L'operazione che vede tre arresti è frutto della collaborazione con gli investigatori reggini
Sono tre, e non una, come si era appreso in un primo tempo,
le persone arrestate nell'ambito dell'operazione, denominata "Iris",
che ha portato al sequestro nell'aeroporto di Montevideo di 40 chilogrammi di cocaina. Alcuni particolari dell'indagine sono stati
illustrati – riporta l’agenzia di stampa Ansa – nel corso di una conferenza
stampa, dal procuratore della Repubblica di Reggio Calabria, Giovanni
Bombardieri, e dal procuratore aggiunto, Giuseppe Lombardo.
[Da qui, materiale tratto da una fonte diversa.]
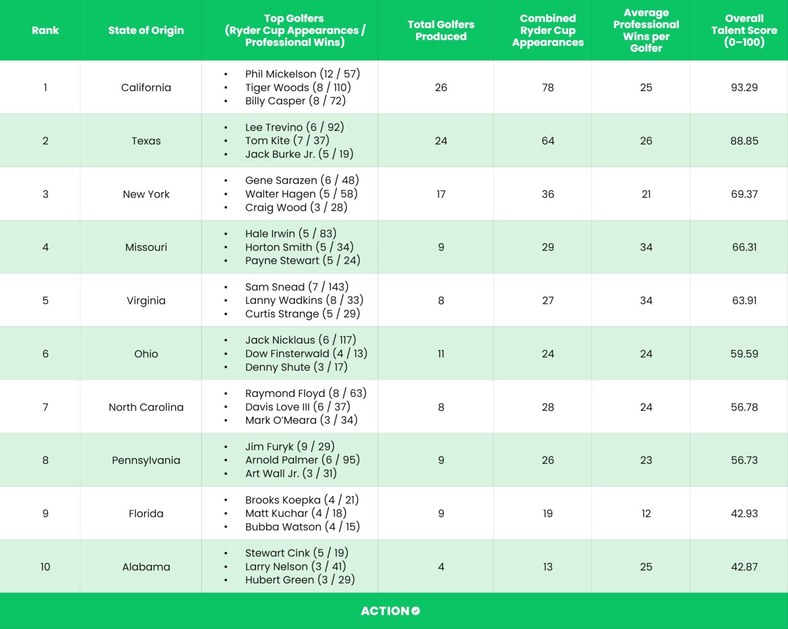 Additionally, for the “Top Golfers” column in the top 10 table, standout players from each state were highlighted using a blended formula that placed greater emphasis on Ryder Cup appearances (80%) and professional wins (20%).
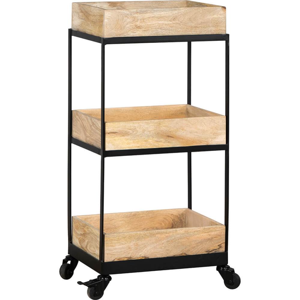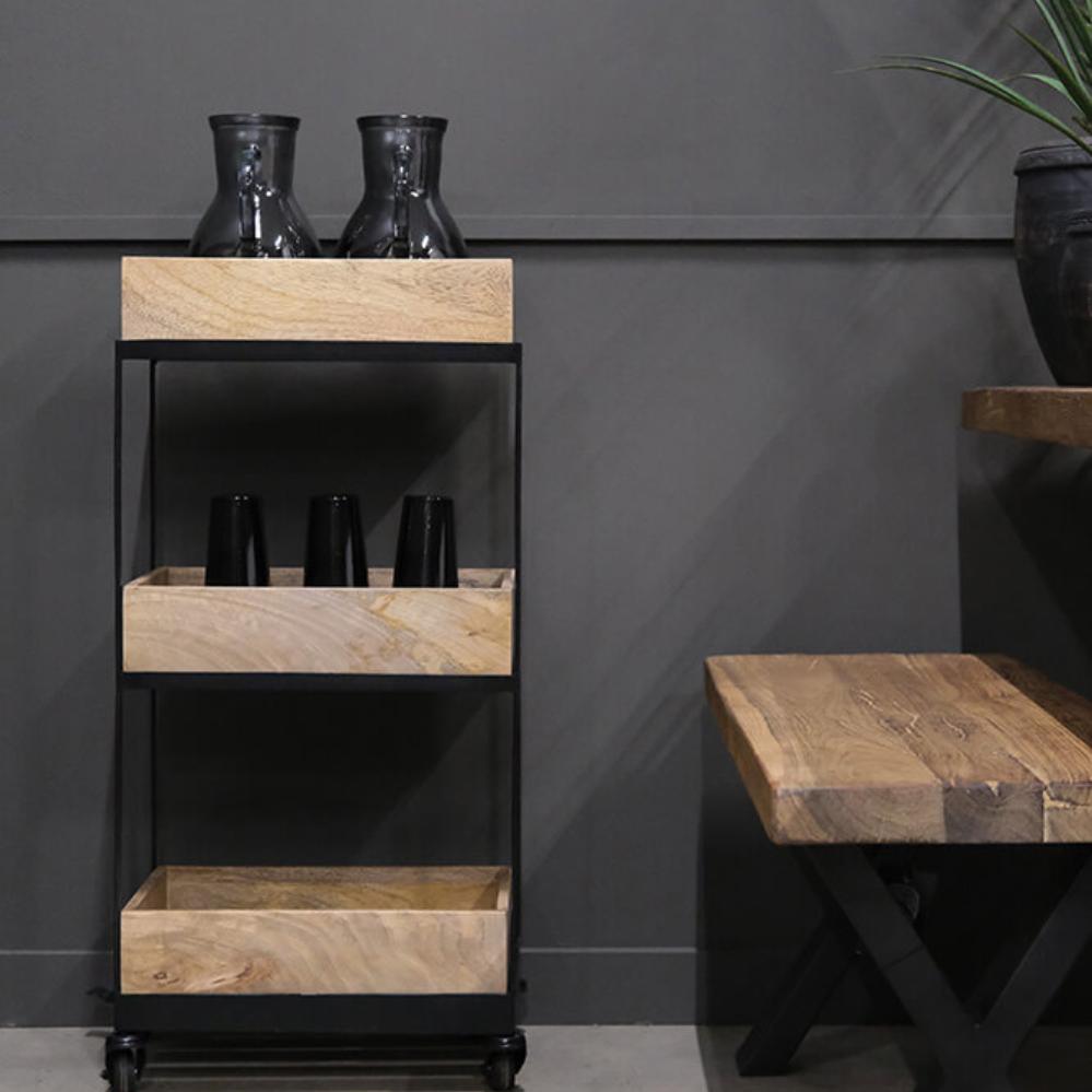 Forén praktisk opbevaring med rustik appel med vores rullevogn i jern, udstyret med tre aftagelige træbakker. Denne alsidige vogn tilbyder ikke kun bekvem opbevaring, men tilføjer også et strejf af naturlig skønhed til ethvert rum. Brug den i køkkenet til at organisere krydderier, i badeværelset til toiletartikler eller i stuen til at vise dine yndlingsdekorationer. Med hjulene kan du let flytte den rundt efter behov. Vores jernrullevogn med træbakker er den ideelle løsning til en praktisk og stilfuld indretning.
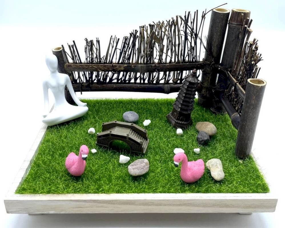 Jardin zen en bois para meditação, relaxation e décoration d'intérieur.

"Si tratta - ha detto Bombardieri - di un'operazione
importante per l'Uruguay e per l'Italia perché conferma l'importanza della cooperazione
internazionale a livello giudiziario ed investigativo. I rapporti di
cooperazione tra la Procura della Repubblica di Reggio Calabria e la polizia giudiziaria
uruguaiana risalgono nel tempo ed hanno prodotto risultati importanti come
l'arresto nel 2021 del trafficante internazionale di droga Rocco Morabito,
all'epoca latitante, per molti anni residente proprio in Uruguay e catturato in
Brasile. Dobbiamo ringraziare gli investigatori dell'Uruguay, del Portogallo e
della Spagna che ci hanno coinvolti in questa operazione. La cooperazione
internazionale è alla base ormai di ogni indagine contro la 'ndrangheta e
contro le organizzazioni criminali dedite al traffico di droga".
"Importante - ha detto ancora il Procuratore della Repubblica
di Reggio Calabria - è stato il nostro supporto nell'individuazione e nella
localizzazione degli italiani che risultano coinvolti nel traffico
internazionale di stupefacenti. Nel giro di pochi giorni sono state avviate
attività d'indagine in coordinamento internazionale con quattro uffici, tre dei
quali all'estero, che hanno prodotto risultati eccellenti. I tre arrestati sono
stati già coinvolti in precedenti inchieste della Procura di Reggio Calabria. È
ancora troppo presto per parlare di possibili sviluppi investigativi, ma la
collaborazione con l'Uruguay, il Portogallo e la Spagna proseguirà sicuramente.
Sin da oggi garantiamo la disponibilità a fornire il migliore supporto".
"Giova ricordare - ha aggiunto Bombardieri - che
nell'ultimo anno e mezzo nel porto di Gioia Tauro, che storicamente è stato un
punto di arrivo dello stupefacente proveniente dal Sudamerica, sono state
sequestrate 30 tonnellate di cocaina in varie operazioni. Questo ha indotto le
organizzazioni criminali a scegliere, per l'arrivo dello stupefacente in
Europa, altri luoghi che possano consentire minori probabilità di individuazione
e sequestro da parte dell'autorità giudiziaria".